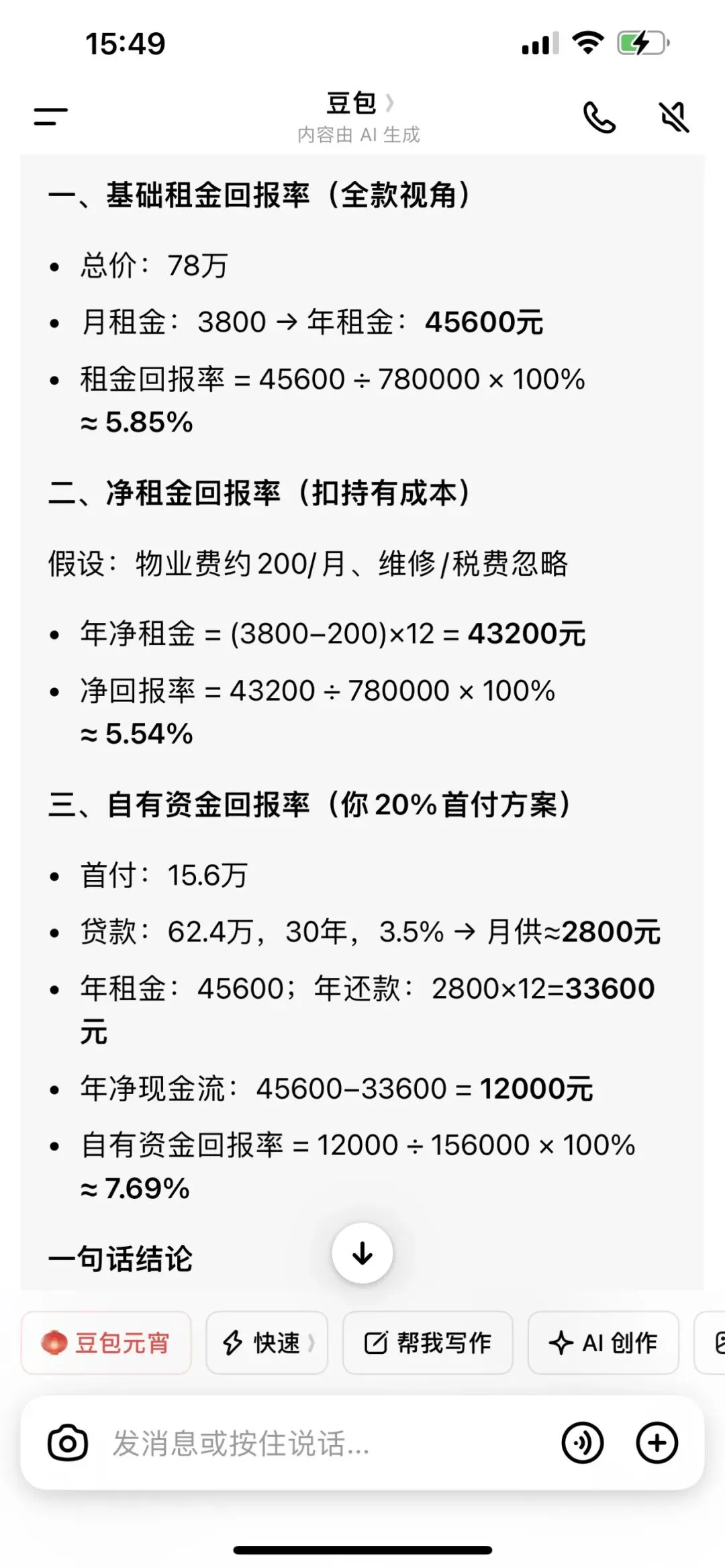 这是豆包给的方式,简单易懂。以后再买房收租可以参考这个计算方法。
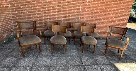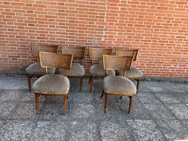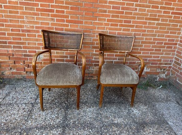 Sillas originales estilo nordico Epoca años 50 Restauradas y tapizadas Pieza muy especial. Realizadas en madera de roble con respaldo rejilla y tapizado chenilla en asiento.
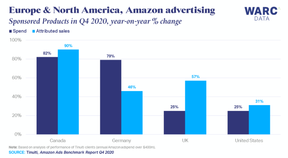 数据显示,在2020年第四季度,亚马逊加拿大、德国、英国和美国四个站点的卖家在赞助产品广告(基于关键词的广告出现在搜索结果中)上的支出平均增长了53%,由此产生销售额平均增长了56%。
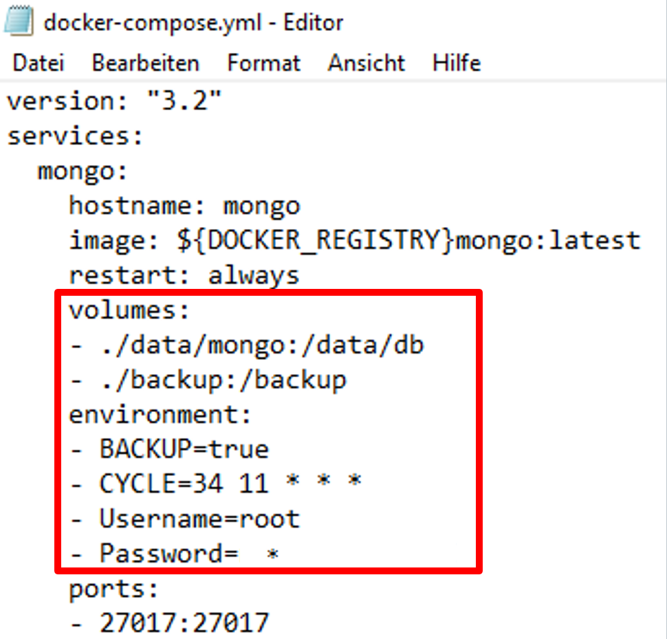 Optional: Restart of Mongo service with PowerShell or Linux Terminal command “docker-compose restart mongo” to activate changes
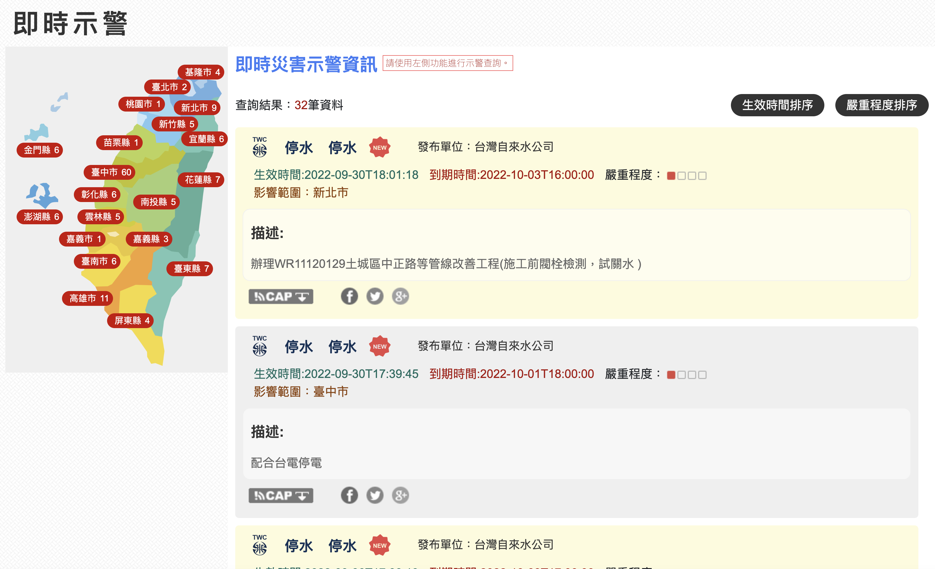 網站:https://alerts.ncdr.nat.gov.tw/indexHome.aspx進入網站後,在首頁就有各種示警資訊的類別可以選擇,,直接點擊就可以看各類別的相關示警資訊。
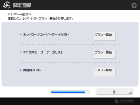ネットワークユーザーリスト、ファクスユーザーデータリスト、調整値リストをプリントできます。 ![]() ![]() 出力したいレポートの<プリント開始>を押すと、リストがプリントされます。 リストのプリント完了後やリストをプリントしないときは、<OK>を押します。 | |
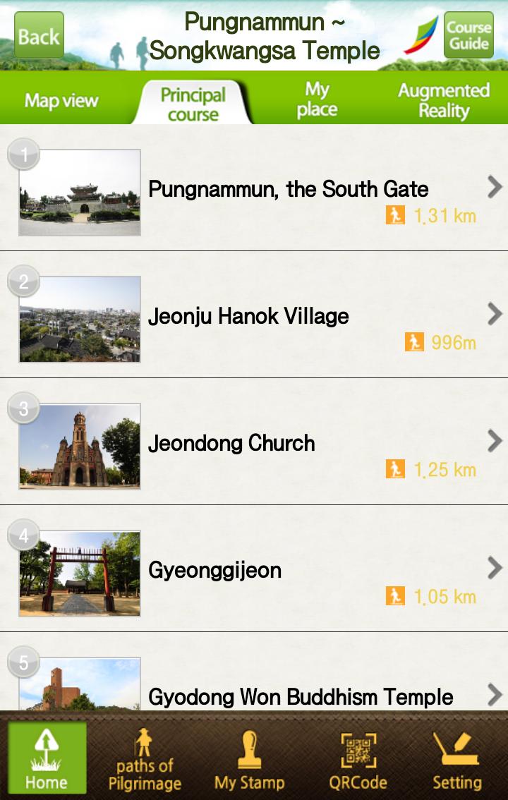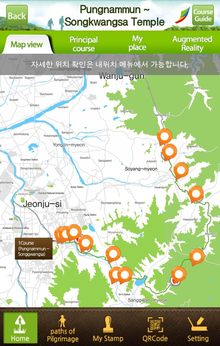 該應用程序引入了Sunryegil,這是一條在Jeollabuk-Do開發的朝鮮朝聖路線,以供宗教和諧。整個路線由九門課程組成,從全場Hanok村開始,並以圓形形式延伸240公里,以完成您的旅程。
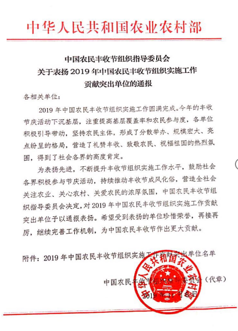 由农业农村部牵头组织成立的中国农民丰收节组织指导委员会,对拼多多、中国银联等2019年丰收节期间贡献突出单位予以表彰
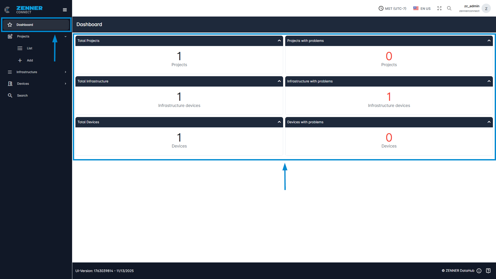 The dashboard is the first page that is called up after logging into the ZENNER Datahub. It gives you a general overview over your tenant with the following information:
--------------------------------
Work instructions:
Each line above should be written out again exactly, and no picture should appear in the copy.

Result:
 这是豆包给的方式,简单易懂。以后再买房收租可以参考这个计算方法。
 Sillas originales estilo nordico Epoca años 50 Restauradas y tapizadas Pieza muy especial. Realizadas en madera de roble con respaldo rejilla y tapizado chenilla en asiento.
 数据显示,在2020年第四季度,亚马逊加拿大、德国、英国和美国四个站点的卖家在赞助产品广告(基于关键词的广告出现在搜索结果中)上的支出平均增长了53%,由此产生销售额平均增长了56%。
 Optional: Restart of Mongo service with PowerShell or Linux Terminal command “docker-compose restart mongo” to activate changes
 網站:https://alerts.ncdr.nat.gov.tw/indexHome.aspx進入網站後,在首頁就有各種示警資訊的類別可以選擇,,直接點擊就可以看各類別的相關示警資訊。
ネットワークユーザーリスト、ファクスユーザーデータリスト、調整値リストをプリントできます。 ![]() ![]() 出力したいレポートの<プリント開始>を押すと、リストがプリントされます。 リストのプリント完了後やリストをプリントしないときは、<OK>を押します。 | |
 該應用程序引入了Sunryegil,這是一條在Jeollabuk-Do開發的朝鮮朝聖路線,以供宗教和諧。整個路線由九門課程組成,從全場Hanok村開始,並以圓形形式延伸240公里,以完成您的旅程。
 由农业农村部牵头组织成立的中国农民丰收节组织指导委员会,对拼多多、中国银联等2019年丰收节期间贡献突出单位予以表彰
 The dashboard is the first page that is called up after logging into the ZENNER Datahub. It gives you a general overview over your tenant with the following information:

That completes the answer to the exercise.